Thursday 25 February 2010

Prophets of Doom

We all love a good disaster movie. We love the chaos and destruction. Even world events keep us glued to the television incase we miss the next juicy instalment. Whether we admit it out loud or not we all like and we cant help looking at the car crash. I have to say that even listening to the traffic reports and the school closures on a snowy morning gives me a sense of excitement.



We had four weeks, almost non stop over Christmas, of snow warnings and even back then the prophets of doom in the streets were working overtime telling us there was much more to come. That we would get hit hard by bad snow in February. When I first heard them I wondered if they had a crystal ball or maybe they were having mass premonitions. After all if the weather men cant accurately predict the weather from week to week then how does the girl in the supermarket know whats gonna happen in February?

As it happens, both she and her doom and gloom friends were almost right. We have had bad weather this month. The claim has been made that its been the worst in 30 years. It hasn’t, however been as bad as anyone claimed it would be. At least not here in the UK.

I met another prophet today. One of my neighbours, who isn’t prone to screaming “the end of the world is nigh” at the first snowflake, kindly informed me today that over the next two days we would be hit by the worst snow we’ve had in 30 years. Is this just a giant game of Chinese whispers which Ive been dragged into. Where are these people hearing this?

I have to say that it is snowing now. Well, its sleeting. A kind of sloppy snow that as soon as you walk in it or touch, it melts. When you go outside in it you come back in drenched, like you’ve just been out in a rain storm. I am dubious. Without looking at a weather report I am gonna predict (and I do have a crystal ball on my mantle) that it will be sleet and nothing but sleet over the next two days and it will melt as soon as the sun comes out tomorrow.

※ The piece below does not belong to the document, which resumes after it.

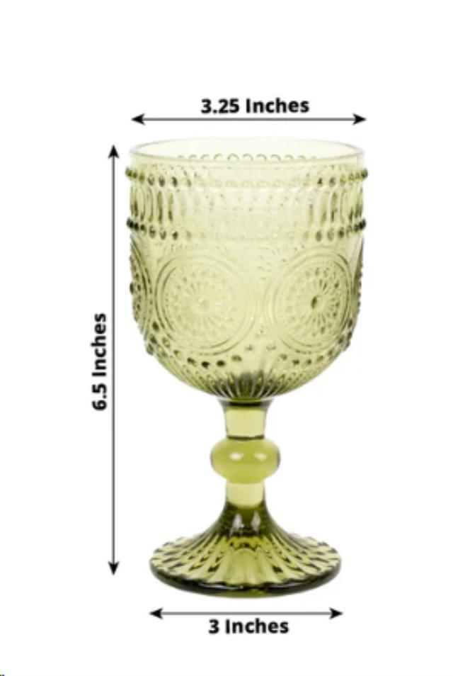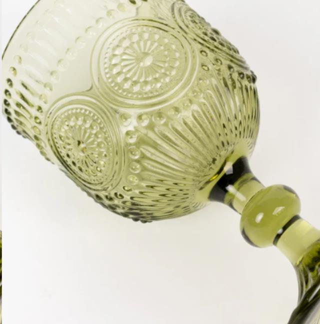 GLASS, EMB GOBLET, SAGE 12OZ-E

Maybe I should buy some skis just to be safe.

Wednesday 24 February 2010

Throw away your television

My television screen is constantly covered with people who are famous for, well, nothing. Oh wait, no. I tell a lie. The woman who is on it at the moment slept with a famous footballer. She is famous for spreading her legs. Big whoop!

Why are the talent-less constantly being paraded in front of us and the talented hidden from view? If I see one more bimbo on my television who is the sister of the neighbour of the guy who married the girl who slept with singer from the band who had the number one download last week, I might just have to throw it out of the window.

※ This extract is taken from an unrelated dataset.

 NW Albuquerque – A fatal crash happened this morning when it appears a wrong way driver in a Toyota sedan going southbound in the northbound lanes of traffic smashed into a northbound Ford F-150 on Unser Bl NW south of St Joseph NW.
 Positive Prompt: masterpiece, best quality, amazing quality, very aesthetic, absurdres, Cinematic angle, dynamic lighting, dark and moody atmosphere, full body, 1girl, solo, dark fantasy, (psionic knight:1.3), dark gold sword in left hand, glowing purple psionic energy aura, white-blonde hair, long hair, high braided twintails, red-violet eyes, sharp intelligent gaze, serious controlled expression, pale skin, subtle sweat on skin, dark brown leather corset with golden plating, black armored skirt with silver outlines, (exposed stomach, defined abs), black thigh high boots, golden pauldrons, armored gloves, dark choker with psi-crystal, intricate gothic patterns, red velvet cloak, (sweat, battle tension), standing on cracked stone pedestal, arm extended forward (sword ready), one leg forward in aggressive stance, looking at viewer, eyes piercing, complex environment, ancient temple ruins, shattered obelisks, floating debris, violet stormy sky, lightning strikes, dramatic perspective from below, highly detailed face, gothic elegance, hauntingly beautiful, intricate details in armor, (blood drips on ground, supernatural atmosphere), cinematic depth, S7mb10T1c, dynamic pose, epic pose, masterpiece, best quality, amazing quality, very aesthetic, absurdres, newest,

Im blaming reality TV on me dropping at least three IQ points. (That sentence lone has to prove my point) I will not lie, I have enjoyed at least four out of the ten years of Big Brother but please don’t get me started on the fame hungry morons that have appeared on that show. They come out of the house with more makeup on than you would find in Boots (this applies to the men too) They take their clothes off for some trashy magazine who pay them more for the pictures that most people earn in a year then we are bombarded with appearances on morning talk shows, kiss and tell stories in just as trashy newspapers and our airwaves are polluted with a feeble attempt at a number one song. Please save me from the wannabe celeb.

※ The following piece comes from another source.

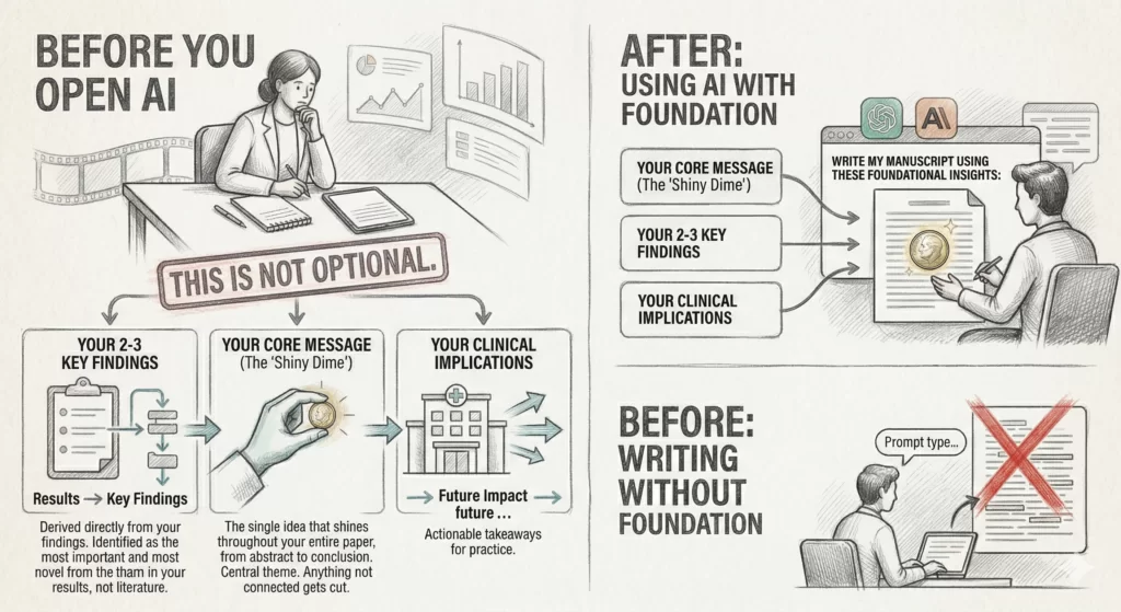 This is not optional. In my manuscript writing framework, the core message is what I call the “shiny dime.” It is the single idea that should shine throughout your entire paper, from abstract to conclusion. Think of it as the central theme of a film. Every scene serves that theme. Anything that does not connect to the core message gets cut. The core message is derived directly from your key findings. Not from the literature. Not from your original research question. From your results. You run the analysis, identify the 2-3 most important and most novel findings, and synthesize those into one overarching takeaway. Here is the order: Results → Key Findings → Core Message Not the other way around. This is what I mean by editing starting upstream. If you feed AI a vague prompt like “write a discussion section about psoriatic arthritis,” you will get a vague discussion section. Generic phrasing. Empty conclusions. Filler paragraphs that sound plausible but say nothing. ![]() The Kusumegi et al. Science study found that researchers who adopted LLMs posted dramatically more papers, but the increased output did not correspond to increased quality as measured by downstream citations and peer review acceptance. More volume, less signal. The antidote is not to avoid AI. It is to bring sharper thinking to the AI before it writes anything. But if you feed the AI your core message, your key findings, and the specific studies that support them, you get a draft that is already 60% of the way to being publishable. That remaining 40% is where your expertise, judgment, and taste come in. And that is what Steps 3-7 are about. Action step: Before your next AI writing session, fill out these 5 key manuscript elements in order:

Celebrity. I hate that word. They used to be called “famous”. Now, to me, celebrity describes a person who isn’t very talented, who is on the television for doing something that would embarrass most normal parents. What annoys me more is that young girls an boys admire these people. They look up to them an aspire to be like them. What is frustrating still is that these same young teens will shout and swear and curse at their parents, neighbours and complete strangers in the street and wont show an ounce of respect for any authority but they worship and idolize these so called celebrities just because they’re skinny and blonde and shagged half of the England football team or theyre wearing more bling (another word I hate) than Mr T, have a different gorgeous but brain dead girl on their arm every week and are paid a ridiculous amount of money for kicking a leather ball around a field.

Football seems to be a recurring theme amongst the celeb folk who frequent my TV. They’re either married to a footballer or they’re shagging one and you know that in six months time they will be in the headlines telling us that Mr Footballer is bad in bed and/or has been cheating on them with another woman. You’d think they would learn from footballers wives/girlfriends past (or wags as they are referred to) I mean, it is a universal law that if you play for a large football team and youre earning £20,000+ a week that you are allowed to act like an asshole and cheat on your significant other. For some reason these girls choose to forget that law when they get a diamond ring on their left hand. Maybe all that hairspray and make up gives them temporary amnesia.

What is this world coming to?

so here we go...

I have had many blogs online. Live Journal, myspace, to name a couple. Ive also have another on here but for the life in me kind find it or remember the email addy for it. So here I go again... fresh blog, fresh start, fresh thoughts.